Thursday, September 29, 2005

A day at the cinema

Well, so it's about time to talk about yesterday.
Which was, somehow, *the* day itself, in my entire life.

It started very early in the morning, after a not so easy night, a hard decision about how to dress (and all the subsequent nutty thoughts like "A bad dress could be the mistake of my life"), and a rush to the flower shop to fetch my preordered 27 red roses, and the long, white one.
Then, after some scary thinking, caught a train, and had some good time there.
You see, something we men usually underestimate it's the power of women's romanticism; I had hordes of women looking strangely at me, smiling, and showing loads of interest just because I was carrying so many roses and looking extremely "tight".
So they wanted to listen to my story; as always in the last 5 days, I happily told them; much to their disbelief, I may add.
I will not write everything here, because somehow, it now can't be made public anymore, now it seems to be part of my most inner self.

I can only write, and feel so much like writing it, that it was like being in a movie.
The waiters had reserved me (against the rules of the place, and even for free...) a table, and held my flowers, but I didn't go to the pre-ordered place at first, because she was waiting for me with a friend (Victorija) at another place.
Desperate but determinate (remember Hitch's definition of "perseverance"), I tried not to make mistakes like looking at her with a wide open mouth... until a woman had a epylectic crisis just 2 meters from us, and kept trembling and barfing.
I just thought "Oh, my...that's the end of the world as I know it"; then rushed to call the police.
In italian we say that "Not all the problems come to cause trouble"; never a proverb was truer: the crisis somehow gave us the "jumpstart" to leave the place, and to head where I had organized my suprise... and by "we", I mean "us 3", me, her and Victorija...
It didn't matter at all; I would've made my declaration in front of the entire city, at that time.
We went to the place where I hid the flowers and had the waiters keep me a place, only to find out that the part of the place where my table was had been closed.
For everybody but me!
We got to the table, and she was already kinda shocked (not to mention me, and to forget her friend who was just too flabbergasted to say anything); then all the drama came to an end, in a movie like way, first the 27 roses, then the white one, and then the poetry, everything in a unreal, supernatural cooperation in which everything went as smooth as silk, and to be honest, nothing had been prearranged; it was kinda like everybody, from me to the waiters to the girls of the customer care to everybody just played as great solists in a one-time-only wondrous performance.
I hoped to die then; there cannot be a happier instant than that, in a man's life; I know that for a fact.
And, to my disbelief, I found myself filled up with the idea that somehow, in a most strange way, in a unbelievable way, it was only too normal to have been waiting 27 years for something like that.

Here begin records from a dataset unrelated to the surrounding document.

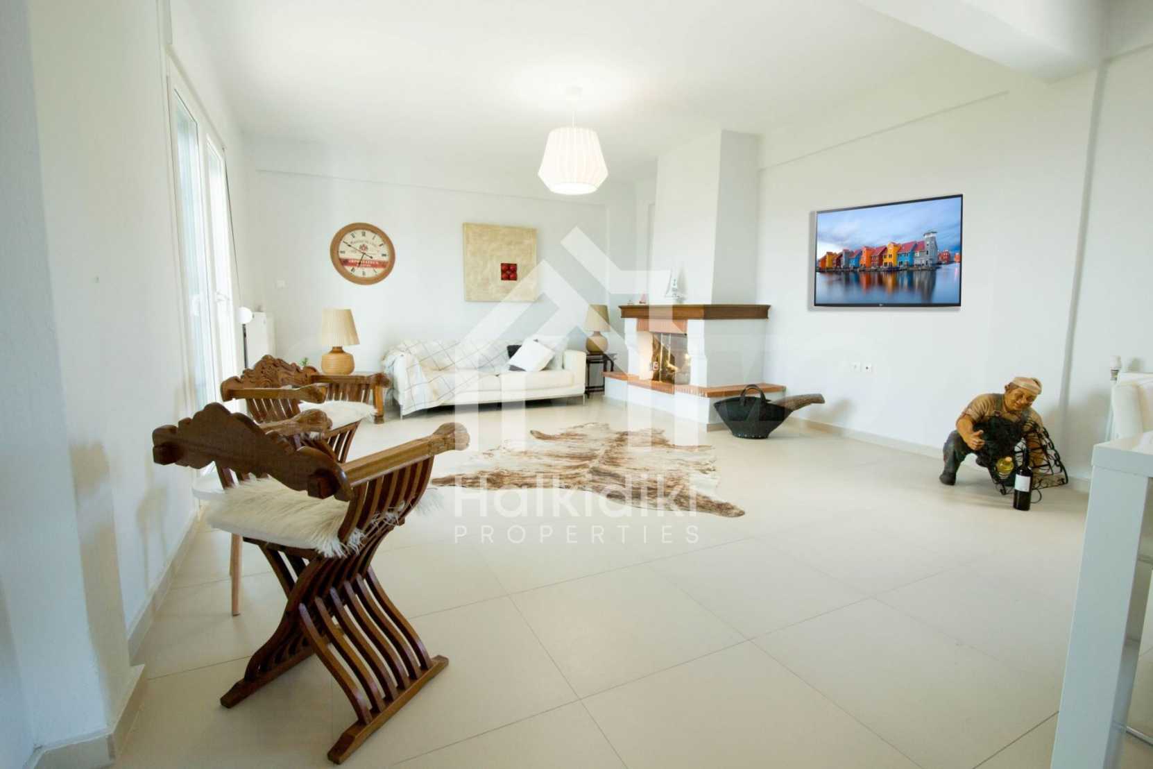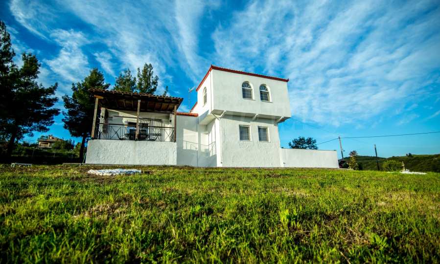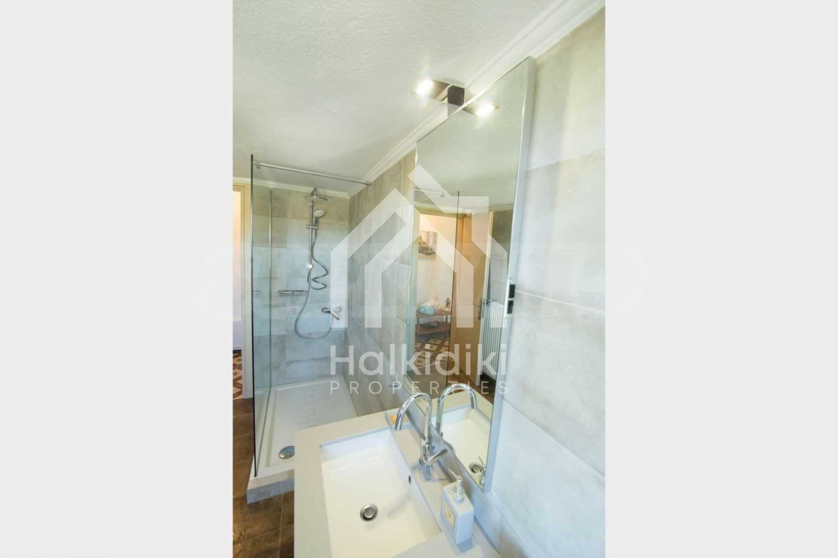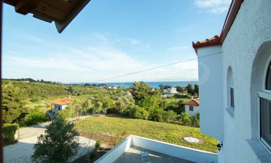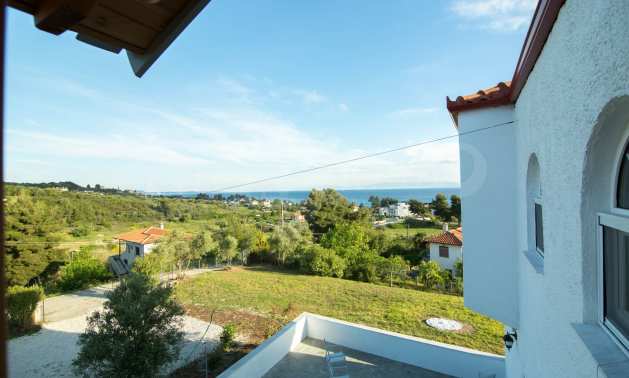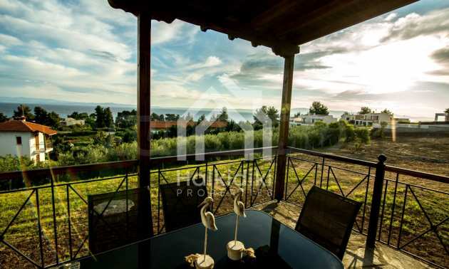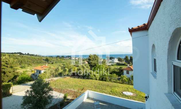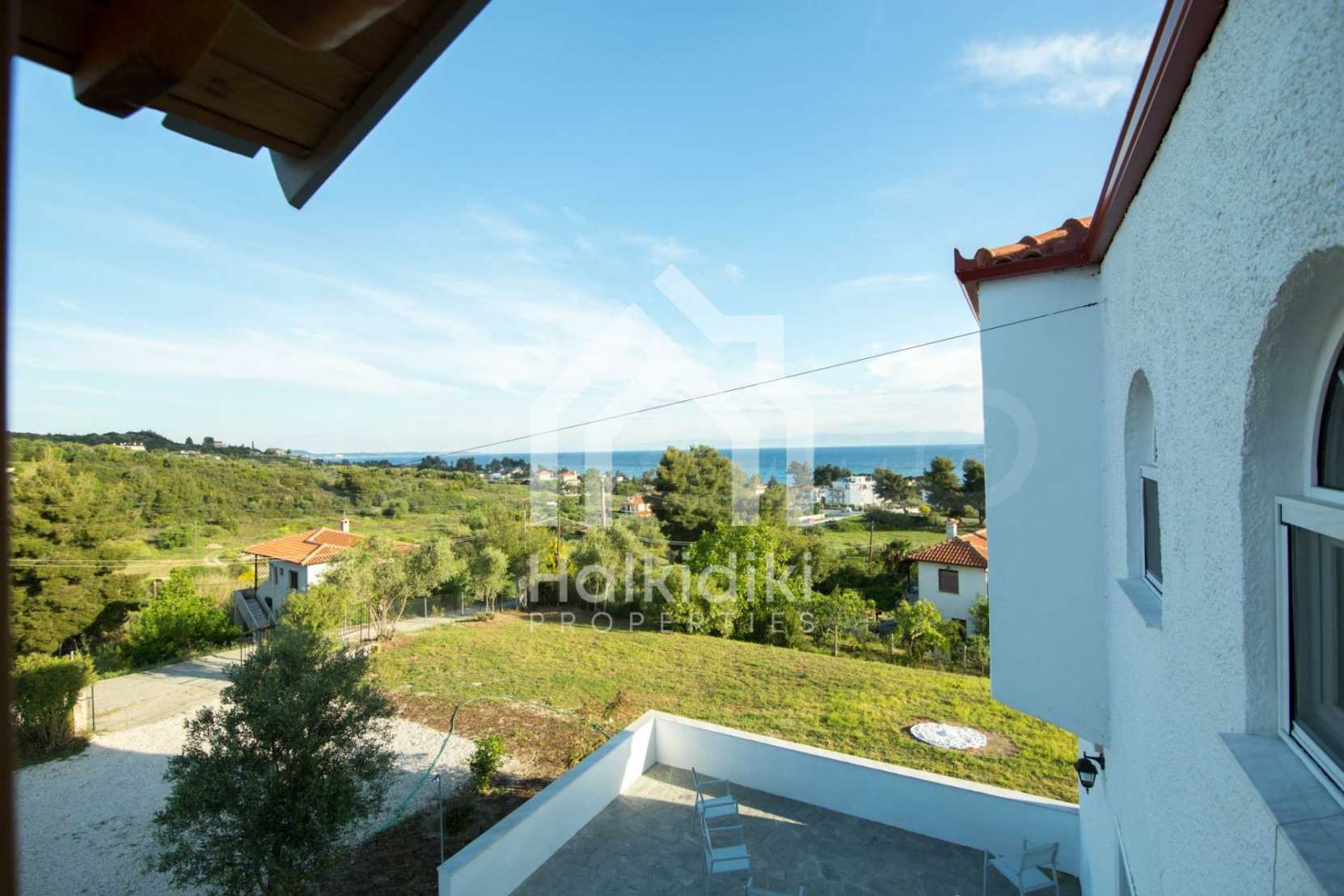 Renoviertes Einfamilienhaus, 200 m², in Kassandra, Chalkidiki mit unverbaubarem permanentem Meerblick und mit östlicher Ausrichtung. Das Anwesen ist von 4.000 m² Garten umgeben. Die Maisonette ist in drei Ebenen aufgeteilt, bestehend aus einem mit der Küche verbundenen Wohnzimmer, vier Schlafzimmer, ein Badezimmer, ein WC und ein Abstellraum.Das Anwesen verfügt auch über große Balkone, PVC-Tischlerei, Fliesenböden, Sicherheitstür und Vorinstallation des Heizsystems.
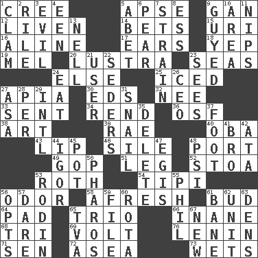 ACROSS 1. Algonquian 5. Domed church section 9. Separate the seeds from cotton 12. Make or become more lively 14. Antes 15. RI univ. 16. Place in a line 17. Hearing organs 18. Slangy assent 19. Cartoonist voice _ Blanc 20. A period of five years 23. Oceans 24. Otherwise 25. On the rocks 27. Capital of Western Samoa 30. Begley and Asner 32. Born 33. Emitted 34. Tear apart 36. Order of Saint Francis (abbr.) 38. Tate display 39. Actress Charlotte 40. Chief or king in Benin or Nigeria 43. Mouth edge 46. Filth; sediment 48. Sweet dark-red dessert wine 49. Republican Party 51. Part of a journey 52. Portico 53. Writer of Portnoy's Complaint (1969) 54. Native american tent (variation) 56. Scent 58. Anew 61. Partially opened flower 64. Groovy apt. 65. Musical group of three 66. Lacking in sense or substance 68. Three (prefix) 69. Electrical Unit 70. Soviet premier 1918-24 71. Elected rep. 72. Toward the sea 73. Soaks DOWN 1. Dollar (slang) 2. Cause heat under the collar 3. Morally bad or wrong 4. Car or cant ending 5. Collude with 6. Lightbulb-shaped fruit 7. Put through a sieve 8. Double-curved letter 9. Secured 10. Type of rug 11. Cuts off 13. 1994 drama film starring Jodie Foster 21. One who uses or employs something 22. Spring feasts 23. Observes 24. Consume 26. Corporate head (abbr.) 27. White ___ sheet 28. For each 29. International (abbr.) 31. Slow-paced one 35. Erase 37. Pick up the tab 41. Sis' sibling 42. _ moment's notice (2 wds.) 44. Composer Stravinsky 45. Plant holder 47. Armor plate that protects the chest 48. 23rd letter of the Greek alphabet 50. N Egypt peninsula 53. "The Thinker" sculptor 55. Silvers or Donahue 56. Elects 57. Have the gumption 59. Do some clerical work 60. Round or rotation of duties 61. Object of repulsion 62. A single undivided whole 63. Cub Scout units 65. Federal power corp. 67. ___ Haven, CT
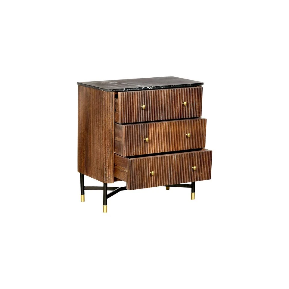 Sidetable Japandi maakt van een praktische oplossing een stijlvol geheel. Achter de prachtige, decoratie lades verschuilt zich namelijk een royale opbergruimte waar je de spullen die je liever niet in het zich hebt eenvoudig kunt opbergen. Zo stijlvol als Japandi is, zijn er ook een aantal gouden details aanwezig waardoor er een mooi contrast ontstaat met het mangohout en marmeren top. Deze eigenschappen typeren Japandi van een retro-modern design. Dankzij deze beauty heeft Japandi weinig nodig om vele interieurs te laten stralen. Sidetable Japandi kopen bij Is dit de sidetable voor jou? Bestel sidetable Japandi dan nu direct online bij !
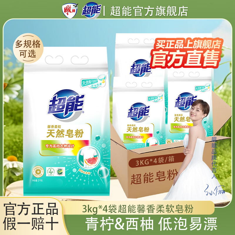 超能天然皂粉家用实惠装馨香柔软高档衣物低泡易漂洗衣粉官方正品官旗 【24斤】3kg*4袋超能皂粉
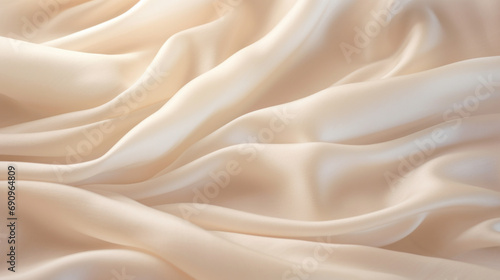 The texture of a light beige wool fabric gently billowing in the breeze. The soft, natural lighting emphasize the fabric's gentle folds
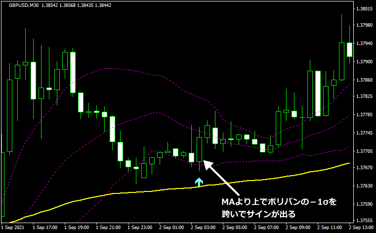 それでは作成したインジケーターのサインをご覧ください。
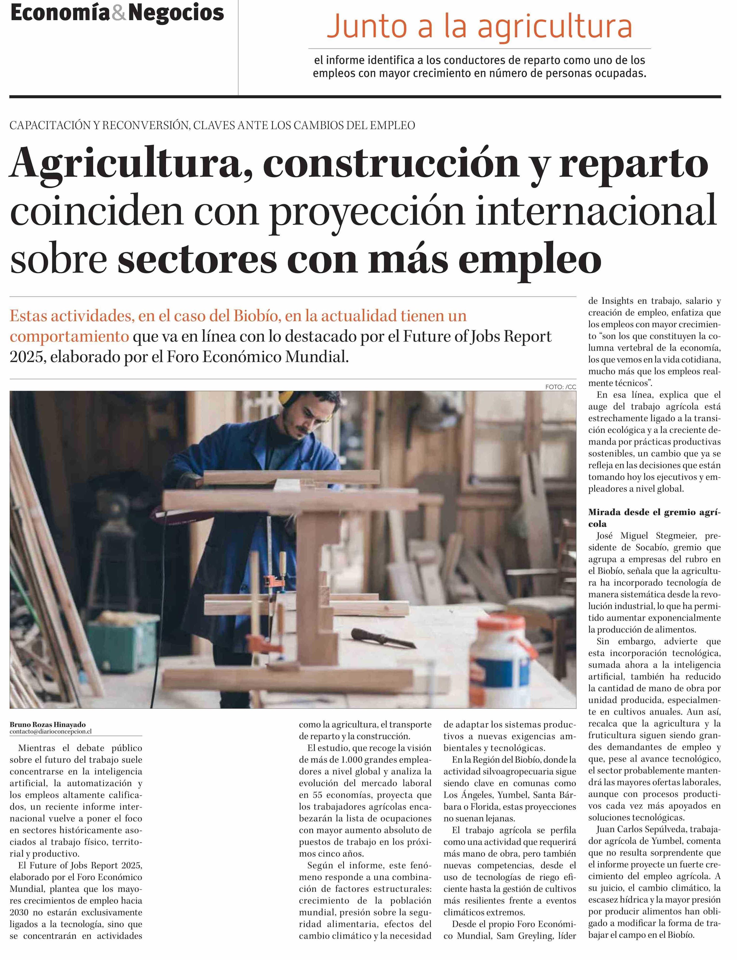 Agricultura, construcción y reparto coinciden con proyección internacional sobre sectores con más empleo 18-01-2026 Diario Concepción |
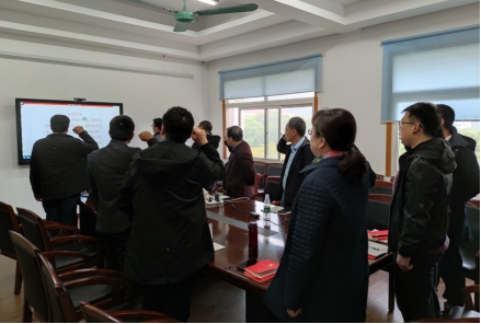 全体与会党员唱国歌、重温入党誓词、学习党章。
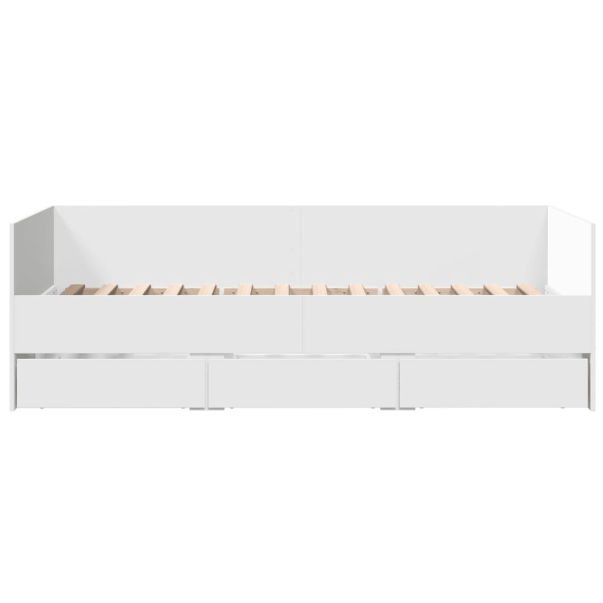 This 2-in-1 daybed with drawers, serving as both a sofa and bed, makes a practical and eye-catching addition to your living room or bedroom. Versatile daybed: The sofa bed functions as a sofa during the day and easily converts into a double bed at night by pulling out the trundle, providing a convenient solution for hosting guests and maximising space. Ample storage space: This guest bed has 3 drawers with wheels that provide ample space for storing your clothes, socks, toys, cushions, etc.Solid construction: This day bed sofa has a sturdy frame made of engineered wood. The engineered wood is of exceptional quality with a smooth surface and features strength, stability and resistance to moisture. Good to know:The delivery includes a daybed frame only. The mattress is not included. You can check our shop for the matching mattresses.
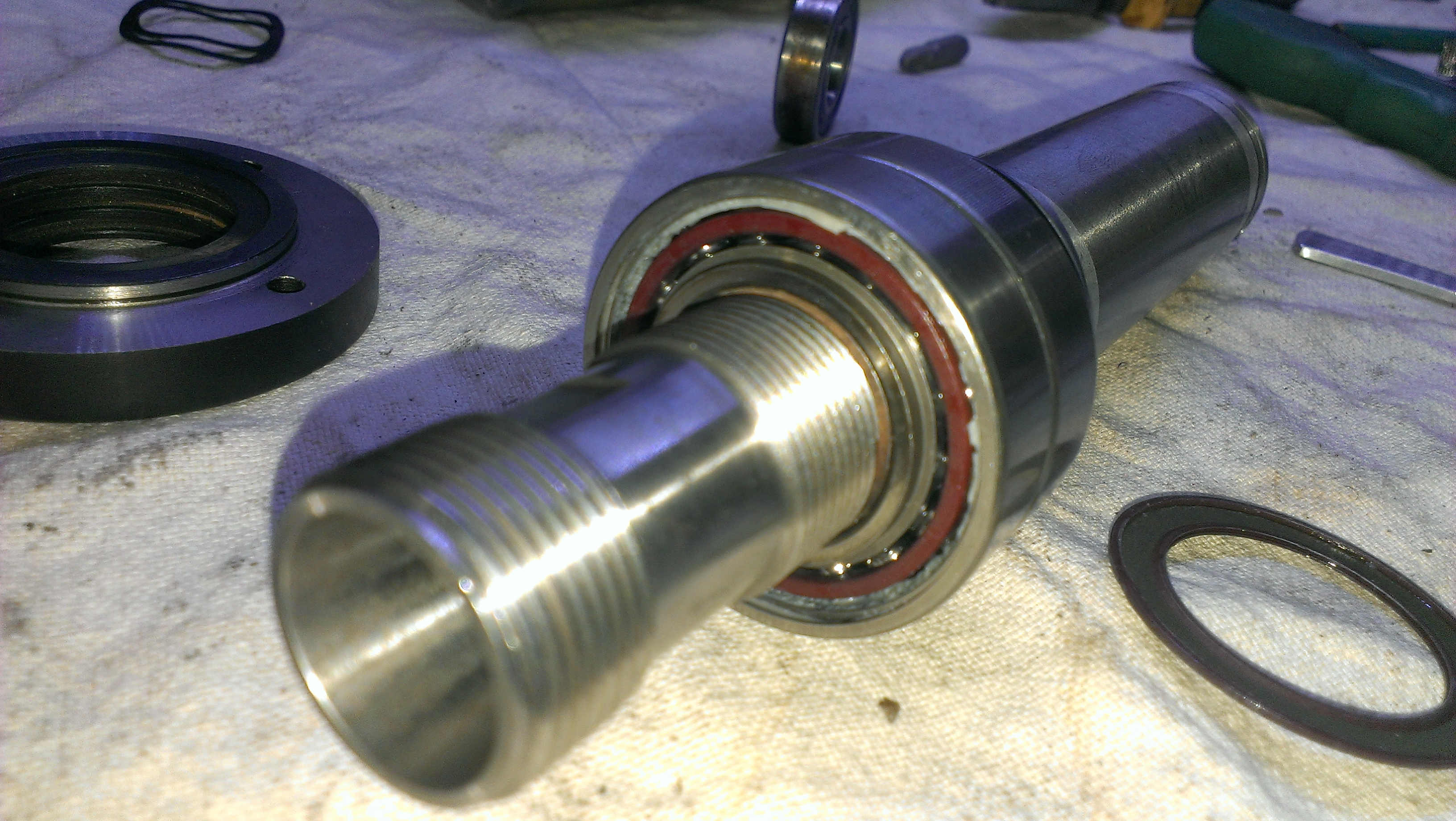про 7005C тоже инфа не утешает как то : Каким способом снять эти 2 подшипника пока не знаю. там вроде и зацепиться за не за что ,только за внешнюю обойму тянуть сьемником. И встает делема : покупать типо фирменные за 100$ и надеятся ,что это не подделка или поставить обычные радиально-упорные и менять их раз в год. Всеж не так жалко будет если убью их не правильно сделав преднатяг гайкой.

The rest is history, of which I don't know the ending, and I don't even know if it has any beginning at all.
"God, as the Devil, is spotted in the details", as the proverb goes, so I just don't put faith in this day despite all the "good signs" that happened and were given me; I've seen reality twist itself quickly many other times just to be able to "believe" it can be so straight, so wonderfully "right" just because you were so sincere and what you felt was so strong.
The only consolation, is that it had never been neither so strong, nor so sincere, in all the days I was here.

I just toast to the future, whatever it may be, and to a day in which dozens of people did voluntarily their best, from the sweetest friends to perfectly unknown people met the same morning, just to help this nutty italian chase his larger-than-life dream.

It still is a dream, I didn't have any courage to touch her, I still think, I still am thoroughly convinced, she can't be anything but unreal.
She would be just all too wonderful if she was real.

But still, me and dozens of people, had their "day at the cinema".
Perhaps that's just the meaning of it all.

Мир вам. Надежда мне. А любовь каму в любове верит.